**WHAT TO DO**
The material below holds pictures; leave them out and reproduce exactly the lines from the one with "獨立衛浴,但沒有廚房。木拼接的地板,很有老房子的味道,卻翻新的很舒適!" through the one with "- Este aparelho", inclusive.

-.-.-

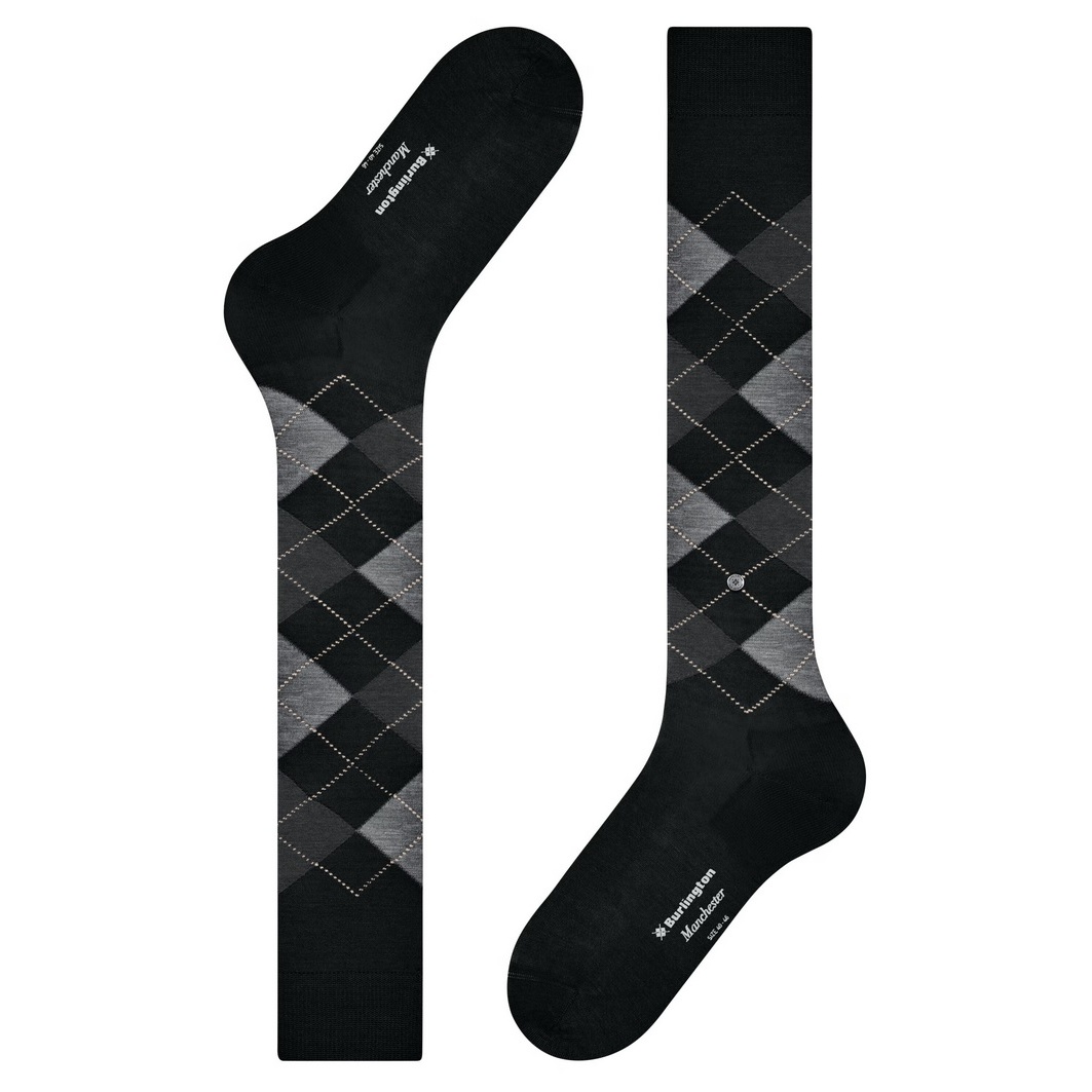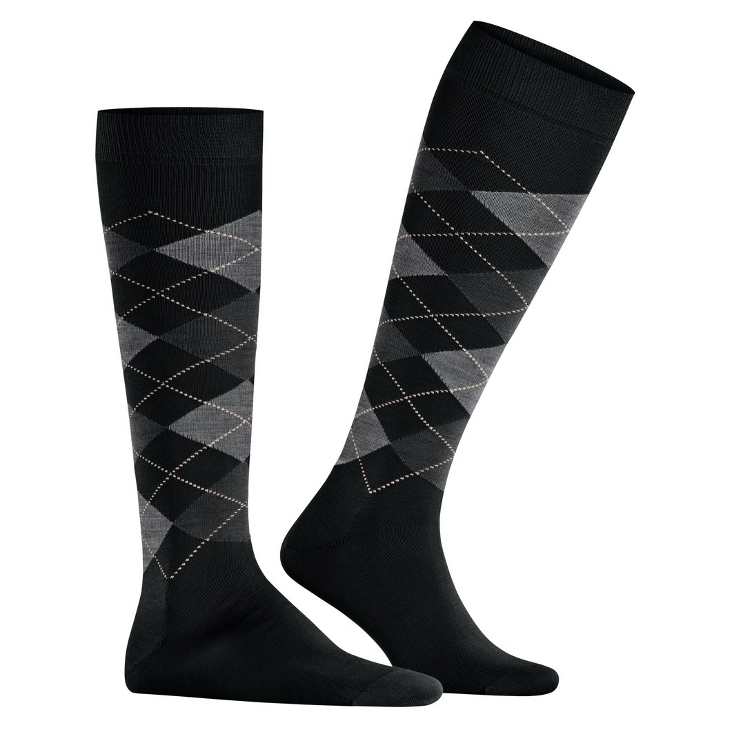 Preisalarm für Burlington Kniestrümpfe Manchester (Argyle-Muster) schwarz Herren - 1 Paar
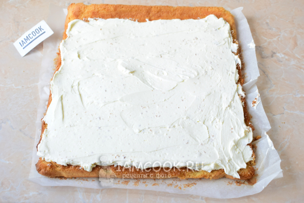 Остывший бисквит пропитайте любым сиропом или простой водой. Равномерно распределите крем, немного не доходя до дальнего края. По желанию в начинку можно добавить ягоды.
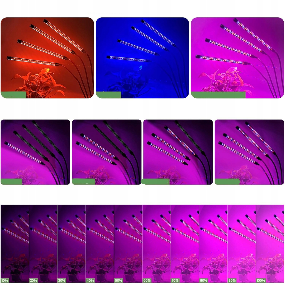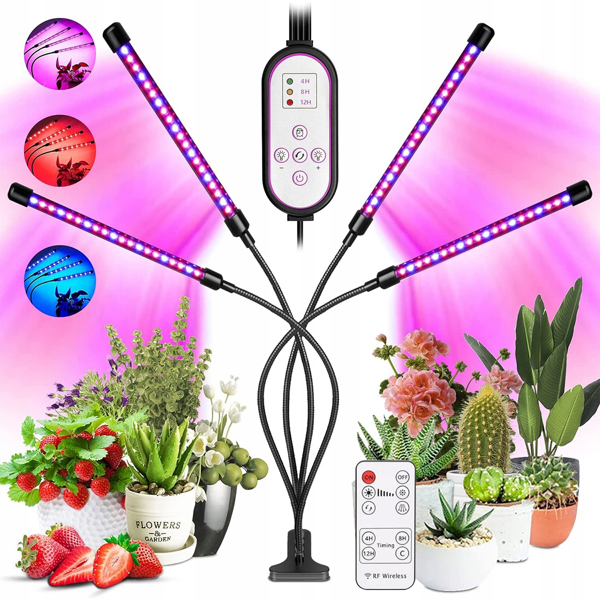 ⭐⭐⭐⭐ ⭐⭐⭐⭐lampa LED для рослин 4-Głowicowa, рослинна лампа, прикріплена до кліпу, 80 світлодіодів, червоний і синій, повний спектр світла для вирощування рослин у приміщеннях, з таймером та пультом дистанційного керування, 3 режимами та 10 інтенсивністю світла до овочів
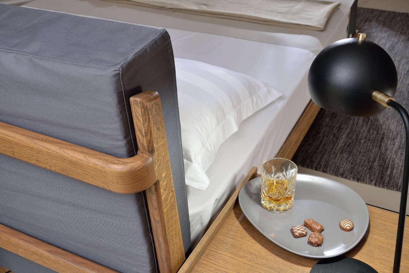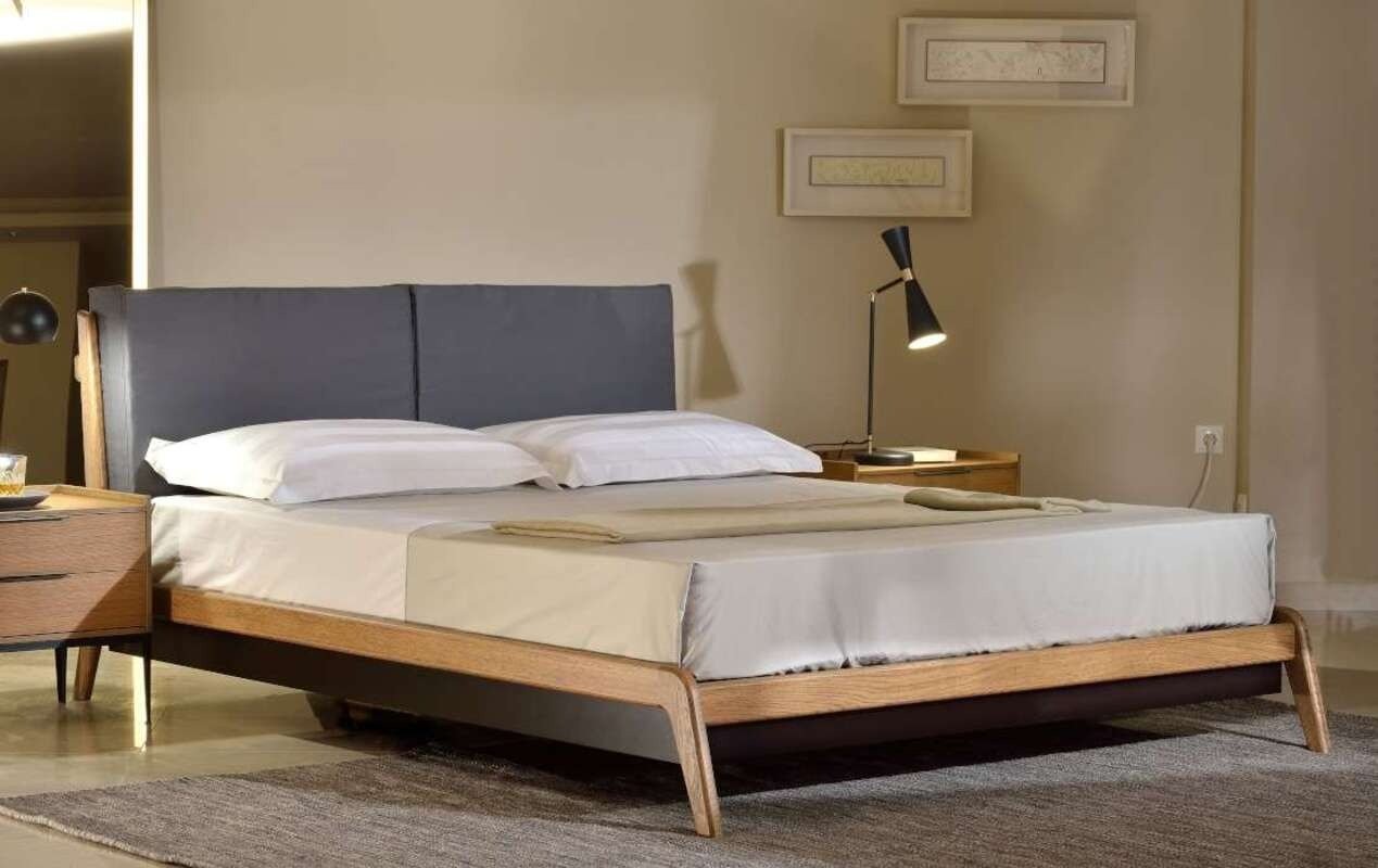 Κρεβάτι με δομή από μασίφ ξύλο και εσωτερική λεπτομέρεια λακαρισμένου πλαισίου που περιβάλλει την ξύλινη βάση. Δύο μεγάλα μαξιλάρια βρίσκονται στο κεφαλάρι.
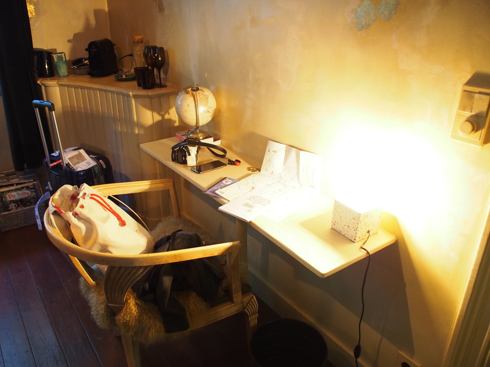 獨立衛浴,但沒有廚房。木拼接的地板,很有老房子的味道,卻翻新的很舒適!
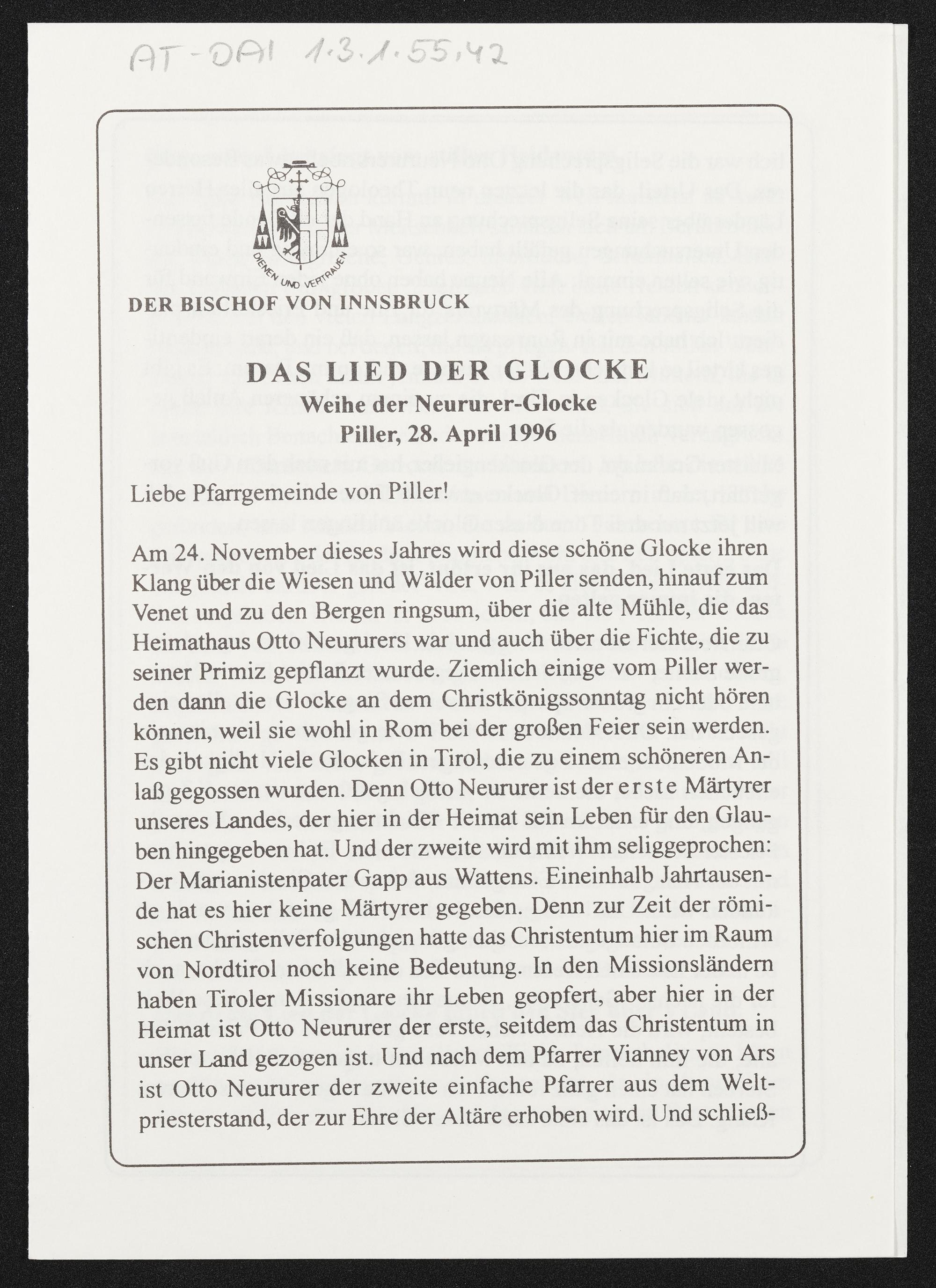 Nachlass Bischof Stecher
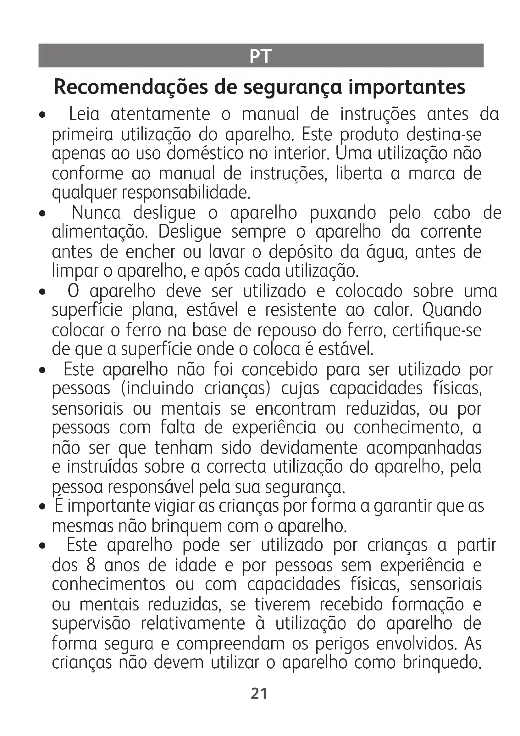 - Este aparelho pode ser utilizado por crianças a partir dos 8 anos de idade e por pessoas sem experiência e conhecimentos ou com capacidades físicas, sensoriais ou mentais reduzidas, se tiverem recebido formação e supervisão relativamente à utilização do aparelho de forma segura e compreendam os perigos envolvidos. As crianças não devem utilizar o aparelho como brinquedo. 21As tarefas de limpeza e manutenção não devem ser efetuadas por crianças sem supervisão. Mantenha o ferro de engomar e o respetivo cabo de alimentação fora do alcance das crianças com idade inferior a 8 anos, sempre que o aparelho se encontrar ligado ou a arrefecer.
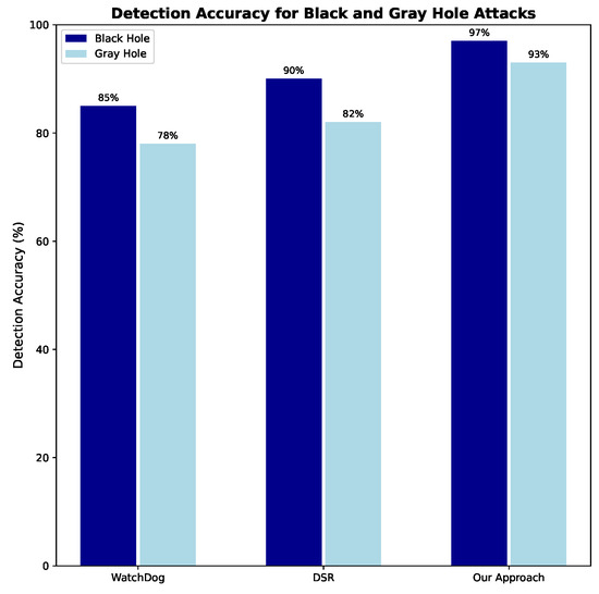 Figure 2 presents a comparison of the detection accuracy (%) for black hole and gray hole attacks. The analysis comprises three methodologies: Watchdog, DSR, and a proposed hybrid approach. The results show that each approach is effective in detecting these two types of attacks. The watchdog demonstrated a moderate level of accuracy, with detection rates of for black hole attacks and for gray hole attacks. DSR achieved results with an accuracy of for black hole attacks and for gray hole attacks. The hybrid approach achieved a detection accuracy of for black hole attacks and for gray hole attacks. The findings suggest that the hybrid approach outperforms Watchdog and DSR in accurately detecting both types of attacks. This solution shows promise in enhancing network security against such threats.
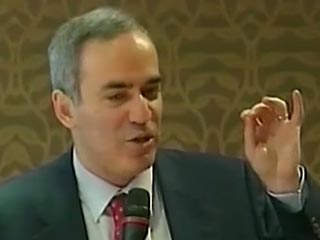 "Наблюдая за его галантной встречей с президентом Путиным (в октябре в Москве), я увидел, что он следует по стопам Берлускони, Ширака и Шредера", - сказал на пресс-конференции бывший чемпион мира по шахматам.
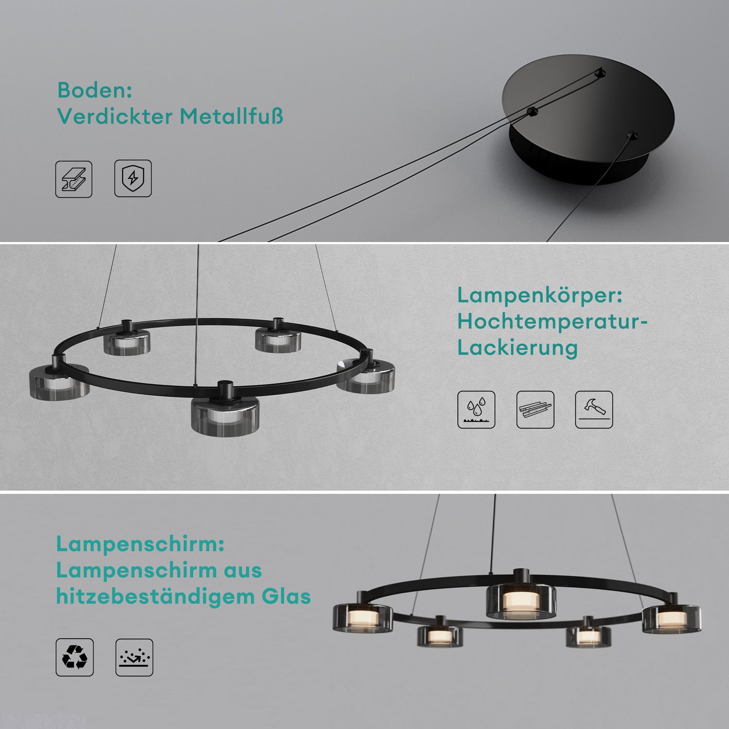 - Material: Metall + Glas
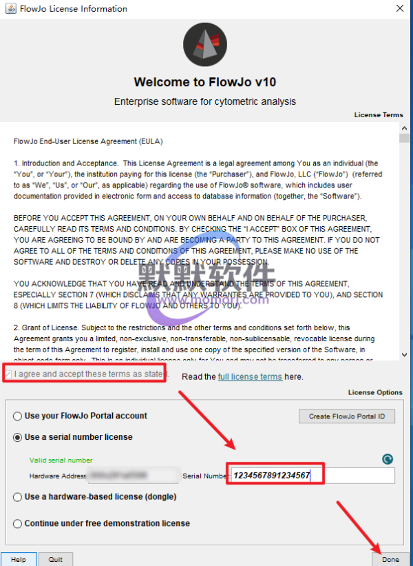 11. 勾选“I agree..”,在序列号一栏填入任意16位字母或数字,如1234567891234567,点击”Done“

-.-.-

**SOLVED EXERCISE**
 獨立衛浴,但沒有廚房。木拼接的地板,很有老房子的味道,卻翻新的很舒適!
 Nachlass Bischof Stecher
 - Este aparelho pode ser utilizado por crianças a partir dos 8 anos de idade e por pessoas sem experiência e conhecimentos ou com capacidades físicas, sensoriais ou mentais reduzidas, se tiverem recebido formação e supervisão relativamente à utilização do aparelho de forma segura e compreendam os perigos envolvidos. As crianças não devem utilizar o aparelho como brinquedo. 21As tarefas de limpeza e manutenção não devem ser efetuadas por crianças sem supervisão. Mantenha o ferro de engomar e o respetivo cabo de alimentação fora do alcance das crianças com idade inferior a 8 anos, sempre que o aparelho se encontrar ligado ou a arrefecer.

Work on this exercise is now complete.